В комнате Аси — угловой, маленькой, светлой, она мне нравится, я рад за Асю — на столе пишущая машинка и повсюду, даже на кровати, разбросаны бумага, копирка. Ася всю жизнь работает машинисткой. С тех пор, с девятнадцатого, когда научилась стучать на «ундервуде» в штабе Мигулина… Разумеется, на пенсии, уже четырнадцать лет. Но без работы не сидит. Стучит дома. А как можно без работы? Разве это жизнь? Во-первых, не хочет быть тунеядкой, во-вторых — иждивенкой. Ого, зависеть от дорогих внуков, от невестки? Боже избави! Нет уж, у нее всегда будет своя копейка, чтобы быть независимой и чтоб им подкидывать. Они безалаберные, постоянно без денег… Нет, невестка — это особь статья, она сама по себе, с Людмилой даже столоваться не хочет и, кажется, наметила свою жизнь устраивать. Это пускай! Осуждать нельзя, она еще не стара…

«Так, подвяла чуть-чуть, с одного бока, — Ася хихикнула по-молодому, по лицу разбегаются морщинки, — как яблочко лежалое. Да желающие найдутся, подберут. Она женщина с положением. В администрации института. И говорят, еще дальше шагнет. Вот Борька ничего не умел… — Шепчет: — Она оттого такая опасливая, понимаешь? Оттого знать не знает и слышать не хочет про Сергея Кирилловича… Боится, что повредит… Женщина уж какая расчетливая…»

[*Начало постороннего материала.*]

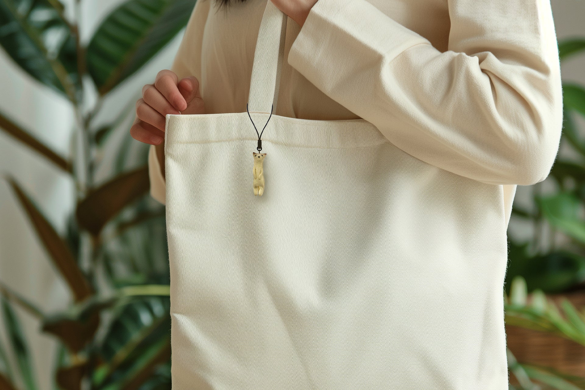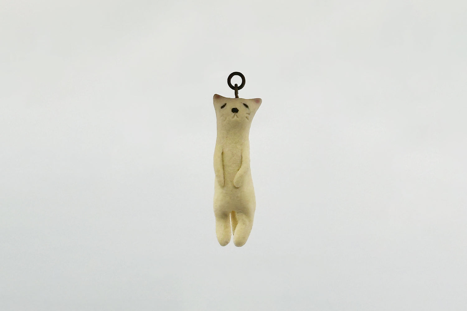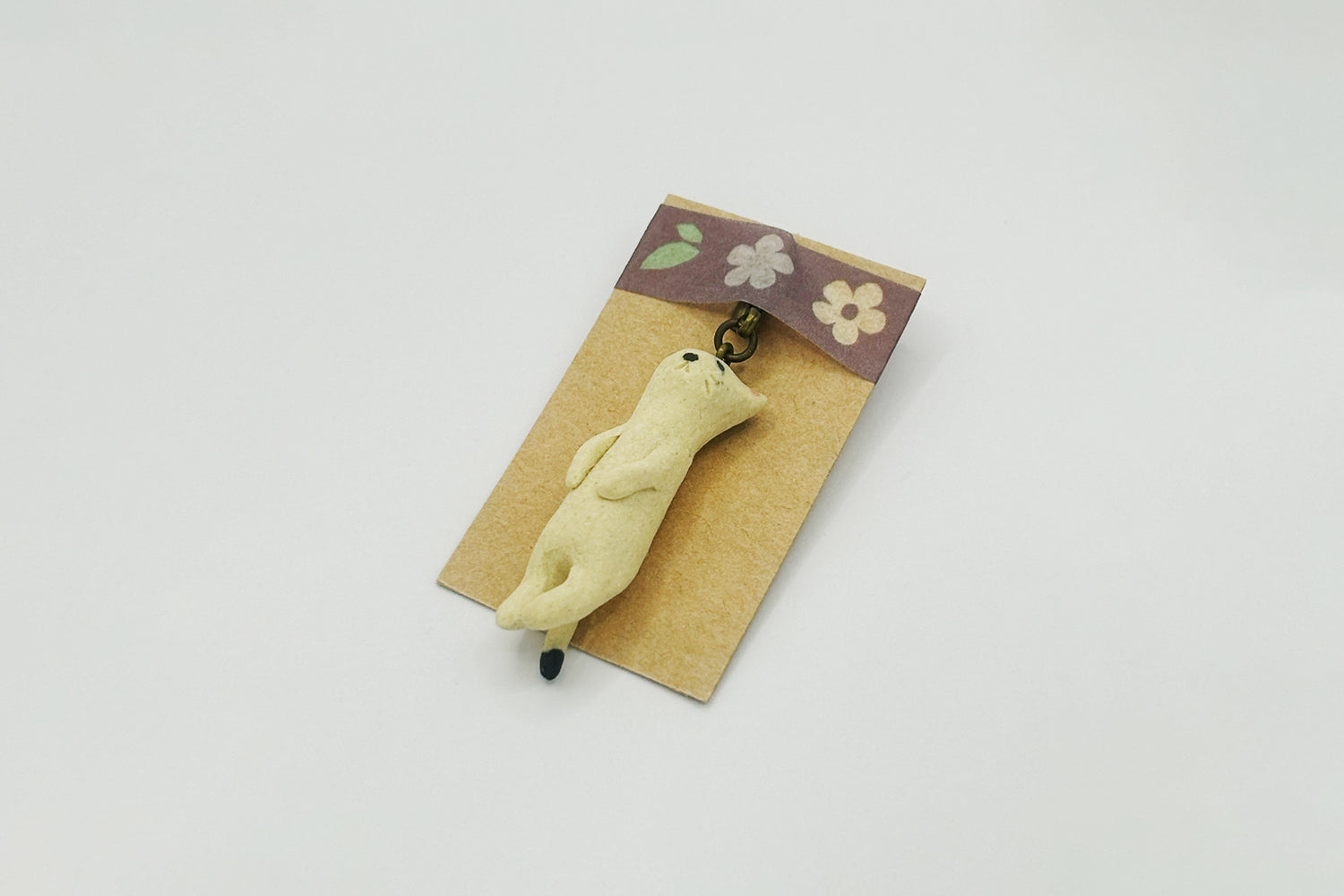 信楽焼の温もりある質感が特徴の猫のチャーム。一つひとつ手作りのため、それぞれ異なる表情に特別感があり、猫への愛をさりげなくアピールできます。

Молчок, молчок! Ася прижимает палец к губам и опять играет глазами, как в детстве. Теперь вижу недостаток комнаты — почему-то нет двери. Вместо двери портьера. Все слышно. В соседней комнате ходит, шлепая, невестка, слышен ее разговор с сыном. Когда шлепанье раздается вблизи портьеры, Ася понижает голос, едва шепчет — недоступно для моего слуха, я переспрашиваю, как всегда, раздражаясь, — или же вдруг начинает говорить преувеличенно громко:

«Удар у меня был страшный! Я пятый экземпляр пробивала. А теперь третий еле виден, сил-то нет. А раньше колотила невероятно. Мне покойный муж говорил: „Тебе на кузне работать, а не машинисткой…“».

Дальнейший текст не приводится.